Modern farming working with nature – the PARTRIDGE project fits perfectly with the goals of the EU 2030 Biodiversity Strategy

Wednesday, October 7, 2020

PARTRIDGE is promoting nature-friendly, sustainable arable farming, alongside profitable farming across 10 demonstration sites in the North Sea Region.

In May of this year, the European Commission announced an ambitious Biodiversity Strategy to ensure that Europe’s biodiversity will be on the path to recovery by 2030. This strategy includes a goal to expand the network of protected areas, with a goal that 30% of the land and 30% of the seas in the EU should be protected within the next 10 years. Of this 30%, a third (10%) will be under strict protection, with minimum interference by human activity. This is a huge change, as currently only 3% of land and 1% of the European seas have this strict legal designation.

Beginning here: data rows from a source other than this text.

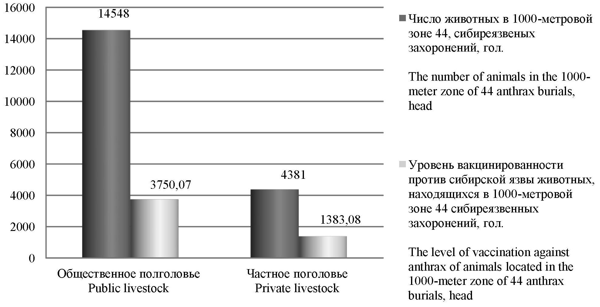 Results, discussion. It has been established that the vaccination rate of farm animals susceptible to anthrax in the territories adjacent to anthrax graves is at a level not reaching 35 %, both in the private and public sectors of the Udmurt Republic.
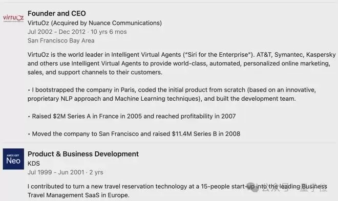 那年,他创立了客户服务AI公司VirtuOz,随后成功将其打造为行业先驱,最终被语音技术巨头Nuance收购。
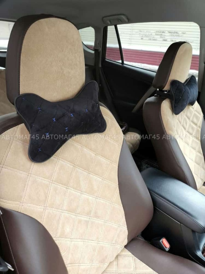 Maximal Подушка косточка под шею велюр черная с синей ниткой 26х19см 1шт

The Covid-19 Pandemic has highlighted that change is needed to reinstate the link between the health of our planet and the health of humans. The need for sustainable agriculture has never seemed more important with drastic changes urgently needed to protect and restore our environment, whilst feeding the growing world population. Within the EU Biodiversity Strategy, the EU Nature Restoration Plan aims to restore 10% of agricultural land to high-diversity landscape features (including buffer strips, hedges, ponds etc.). This will prevent soil erosion, enhance carbon sequestration, connectivity and ecosystem services, to allow a greater coexistence between humans and wildlife.

People need to re-connect with nature and realise just how much we depend on our environment. Recently published research from the World Economic Forum estimates that more than half of the world’s GDP depends on nature and its services and more than 75% of the global food crop relies, at least partially, on animal pollination. We have already seen significant negative effects from the way we are living in the modern world on our own environment and, to put it bluntly, we are in serious trouble if we do not turn things around rapidly.

You will have all also seen the news and the rise in environmental activists repeatedly declaring that climate change and the loss of our wildlife require action now.  Sir David Attenborough’s recent documentary ‘Extinction: The Facts’ was a powerful message that the decline of our wildlife is happening at a faster rate than we thought.  This crisis is driven by multiple drivers, including rapid development, inadequate resource management and the lack of awareness of the repercussions of ALL human activity and consumption. This current mass extinction event caused by this human activity is happening at the fastest rate in history, with one million species at risk from extinction. The need to address the biodiversity crisis is more important now than ever before – the only advantage we may have is that the current Covid-19 Pandemic may concentrate minds.

EU agri-environment schemes (AES) were set up in the 1980s to allow farmers to be compensated for taking out farmable land and setting it aside for nature. However, wildlife has continued to decline across all EU nations and soils continue to be degraded and become less fertile. Despite the best of intentions, the CAP’s AE schemes neither halted nor reversed the national decline of farmland biodiversity and they need to be amended urgently, with knowledge based on scientific and practical research learnt over the past four decades. One thing is for certain: There are several good examples across Europe where AES has managed to turnaround the fortunes of biodiversity – at least on a local scale.